What to produce
Below are lines of records; copy exactly those from the one containing "The porcelain disc" through the one containing "A real prince", leaving the pictures behind.

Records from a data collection
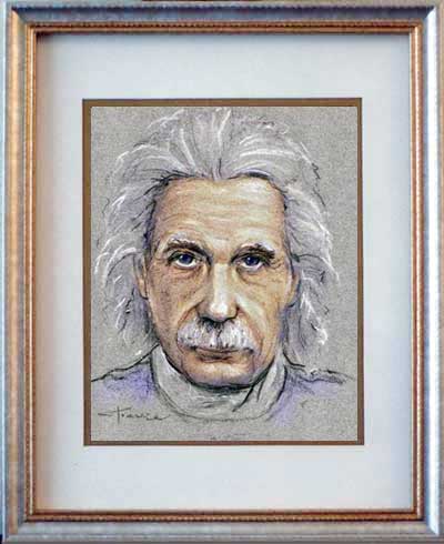 Albert "Mr. Serious Science" Einstein 8"x10" light and dark pencil on gray paper in double-matted 11"x14" K-Mart frame.
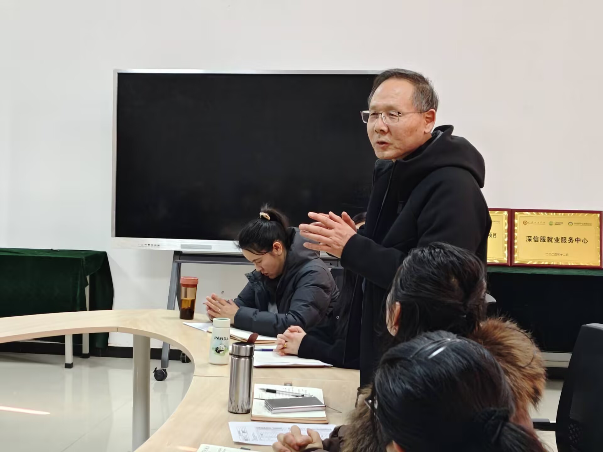 最后,任院长对本次会议总结发言,肯定了 2024 年成绩并感谢全体教职工的付出,针对教学安排,提出新教师上新课应制定不同标准,先确保站稳讲台,关注并指导新教师把握教学内容重点,后续提升教学方法。强调学生假期安全家校责任,教职工应重视自身安全与学院发展紧密相连,鼓励教师抓住评估前时机提升个人发展,利用假期规划教学与科研,撰写论文、争取项目,为职称评审做准备,最后祝全体教职工新年快乐。
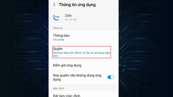 Bước 2: Trong phần cài đặt của ứng dụng, tìm và bấm vào Quyền.
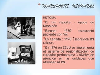 Este documento describe la historia, definición y objetivos del transporte neonatal, así como los tres niveles de atención en la regionalización de la atención neonatal. Explica los modos, tipos y clasificación del transporte neonatal, y los requisitos para la organización de un sistema de transporte neonatal efectivo, incluido el equipamiento, medicamentos, vehículos y principios fundamentales.
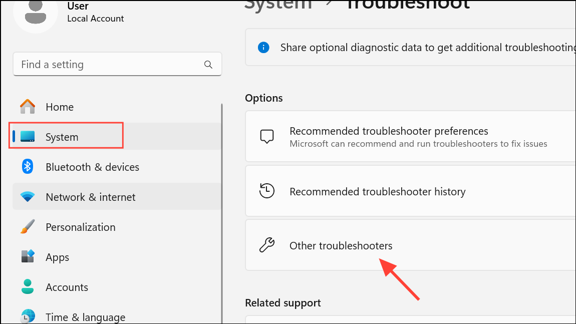 Step 2: Go to Update & Security, then select Troubleshoot and choose Other troubleshooters
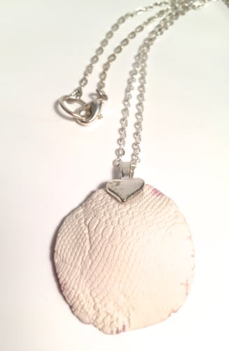 The porcelain disc measures 3x3.5cm and hangs from a silver heart bail and chain.
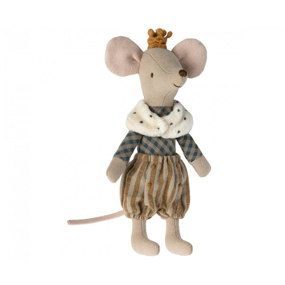 A real prince mouse in a big brother size. He is dressed in his finest clothes with beautiful details and a golden crown. He fits perfectly into the Maileg castle.
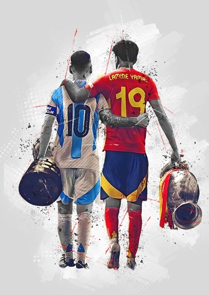 "Messi and yamal" poster by Hung Anh. This artwork captures a striking moment between two football icons, Messi and Yamal, walking side by side, each draped in their national colors. The vintage style adds a nostalgic vibe, while the bold strokes and splashes of color evoke a sense of passion and unity in sport. It’s a celebration of talent and camaraderie, blending the essence of football with a modern artistic twist. Perfect for any sports enthusiast looking to elevate their space with a piece that tells a story.
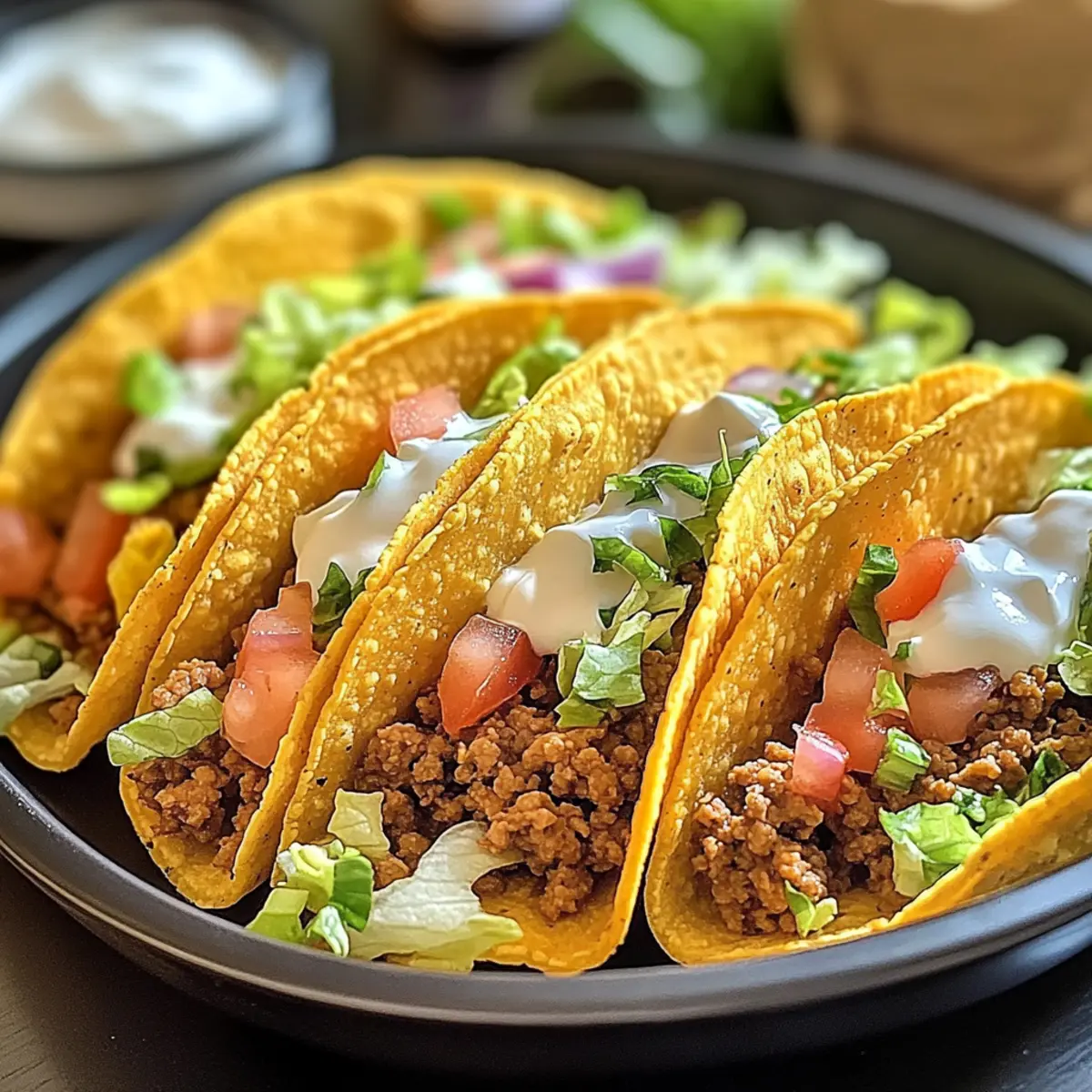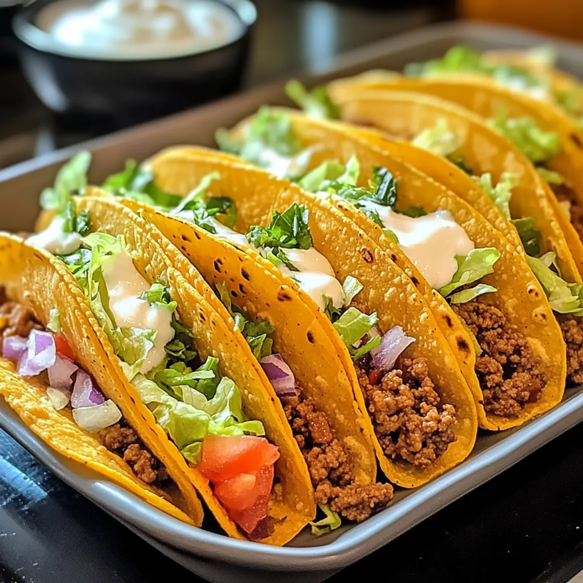 Eines der besten Dinge am Kochen ist, dass man oft mit einer einfachen Idee startet und dabei wunderbare Geschmackserlebnisse kreiert. So ging es mir, als ich über die ofen-gebackenen käsigen Tacos nachdachte – eine köstliche Kombination aus knusprigen Schalen und geschmolzenem Käse, die selbst den größten Feinschmecker begeistert. Diese schnelle und anpassbare Rezeptur eignet sich perfekt für Familienessen oder unbeschwerte Zusammenkünfte mit Freunden. Egal, ob Sie es klassisch mögen oder gerne mit verschiedenen Füllungen experimentieren, hier sind Ihrer Kreativität keine Grenzen gesetzt! Zudem sind sie mit nur wenigen Zutaten leicht zuzubereiten und lassen sich wunderbar nach Ihrem Geschmack variieren. Bereit, Ihre Liebsten mit einer herzhaften Taco-Überraschung zu verwöhnen? Lassen Sie uns gleich loslegen! Warum sind diese Tacos der Hit? Einfachheit beim Kochen: Mit nur wenigen Zutaten und einer unkomplizierten Zubereitung erfreuen sich sogar Kochneulinge an diesem Rezept für Ofen-gebackene käsige Tacos. Vielfalt ist der Schlüssel: Passen Sie die Füllungen nach Belieben an – von saftigen vegetarischen Optionen bis zu einem herzhaften Frühstücks-Taco. Kreativität ist gefragt: Kombinieren Sie verschiedene Käsesorten für aufregende Geschmackserlebnisse, die Ihre Gäste überraschen werden. Familienfreundlich und schnell: In weniger als 30 Minuten servieren Sie eine köstliche Mahlzeit, die alle begeistert. Perfekt für jede Gelegenheit: Ob Familienessen oder Party, diese Tacos sind immer ein Hit! Wenn Sie andere fantastische Rezepte ausprobieren möchten, empfehle ich Ihnen, unser Himmlische Himbeer Machen oder das Kaese Gefuellte Rezept zu entdecken! Ofen-gebackene käsige Taco-Zutaten Für die Taco-Schalen: • Taco Shells – Diese sind das Grundgerüst für die Füllung, alternativ können Sie auch Tortillas aus Mais verwenden. Für die Füllung: • Rinderhackfleisch – Der Hauptproteinlieferant, alternativ eignet sich auch Hähnchen, Pute oder pflanzliches Protein. • Taco-Gewürz – Verleiht dem Gericht den besonderen Geschmack; Sie können auch eine hausgemachte Mischung mit Chili, Kreuzkümmel, Knoblauch- und Zwiebelpulver sowie Paprika zubereiten. • Wasser – Hilft, die Gewürzmischung für das Fleisch zu hydratisieren. Für den leckeren Käse: • Cheddar-Käse – Gewährleistet eine käsige Perfektion; probieren Sie auch Pepper Jack oder Mozzarella für unterschiedliche Geschmacksrichtungen. Frische Zutaten für das Topping: • Geriebener Salat – Sorgt für Knusprigkeit und leuchtende Farben. • Tomaten – Sie verleihen Saftigkeit und Frische. • Sauerrahm – Eine optionale, cremige Garnierung. • Geschnittene Jalapeños – Für einen zusätzlichen Kick. • Frischer Koriander – Perfekt als Garnitur und Geschmacksteigerer. Mit diesen ofen-gebackenen käsigen Tacos können Sie eine köstliche Mahlzeit kreieren, die jeden am Tisch begeistert! Schritt-für-Schritt-Anleitung für Ofen-gebackene käsige Tacos Step 1: Ofen vorheizen Heizen Sie den Ofen auf 175 °C (350 °F) vor, während Sie die Füllung zubereiten. Dies gewährleistet eine gleichmäßige Backtemperatur, sodass Ihre ofen-gebackenen käsigen Tacos perfekt knusprig und geschmolzen herauskommen. Step 2: Fleisch anbraten Erhitzen Sie eine Pfanne bei mittlerer Hitze und braten Sie das Rinderhackfleisch an, bis es gleichmäßig braun ist. Drücken Sie das Fleisch mit einem Spatel auseinander und stellen Sie sicher, dass es gut gar ist. Lassen Sie überschüssiges Fett abtropfen, um die Tacos nicht zu schwer zu machen. Step 3: Gewürze hinzufügen Fügen Sie das Taco-Gewürz und das Wasser in die Pfanne mit dem Fleisch hinzu. Rühren Sie alles gut um und lassen Sie die Mischung bei niedriger Hitze etwa 5 Minuten köcheln. Dies gibt den Gewürzen Zeit, sich vollständig mit dem Fleisch zu verbinden und ein herrliches Aroma zu entwickeln. Step 4: Taco-Schalen anordnen Legen Sie die Taco-Schalen in eine Auflaufform, sodass sie stabil stehen können. Achten Sie darauf, dass die Schalen sich nicht überlappen, damit die Hitze gleichmäßig zirkulieren kann und jede Schale schön knusprig wird. Step 5: Schalen füllen Füllen Sie jede Taco-Schale großzügig mit der gewürzten Fleischmischung. Verteilen Sie das Fleisch gleichmäßig, um sicherzustellen, dass jede Portion ausreichend Geschmack hat und die Füllung nicht überläuft. Step 6: Käse hinzufügen Streuen Sie eine großzügige Menge geriebenen Cheddar-Käse über jede gefüllte Taco-Schale. Dies sorgt dafür, dass die ofen-gebackenen käsigen Tacos während des Backens eine köstliche, geschmolzene Käsedecke erhalten. Step 7: Backen Backen Sie die gefüllten Tacos im vorgeheizten Ofen für etwa 15-20 Minuten. Achten Sie darauf, dass der Käse geschmolzen und leicht goldbraun ist, was die perfekte Konsistenz für Ihre ofen-gebackenen käsigen Tacos anzeigt. Step 8: Toppings vorbereiten Bereiten Sie während des Backens die frischen Toppings vor. Schneiden Sie die Tomaten, waschen Sie den geriebenen Salat und stellen Sie Sauerrahm und Jalapeños bereit. Diese frischen Zutaten sorgen für einen schönen Kontrast zu den warmen Tacos. Step 9: Tacos abkühlen lassen Nehmen Sie die Tacos nach dem Backen aus dem Ofen und lassen Sie sie ein paar Minuten abkühlen. Dies hilft, die Füllung zu setzen, sodass sie beim Servieren nicht herausfällt und bietet etwas Zeit, sich auf die köstlichen ofen-gebackenen käsigen Tacos vorzubereiten. Step 10: Servieren und Garnieren Garnieren Sie die Tacos nach Belieben mit frischem Koriander, Sauerrahm oder weiteren Toppings. Servieren Sie sie auf einem großen Teller, damit jeder seine ofen-gebackenen käsigen Tacos nach Belieben anpassen kann. Ofen-gebackene käsige Tacos im Voraus zubereiten Die Ofen-gebackenen käsigen Tacos sind ideal für die Vorbereitung! Sie können die Taco-Schalen bis zu 24 Stunden im Voraus mit der gebratenen Füllung (Rinderhackfleisch, Taco-Gewürz und Wasser) vorber

Response below
 The porcelain disc measures 3x3.5cm and hangs from a silver heart bail and chain.
 A real prince mouse in a big brother size. He is dressed in his finest clothes with beautiful details and a golden crown. He fits perfectly into the Maileg castle.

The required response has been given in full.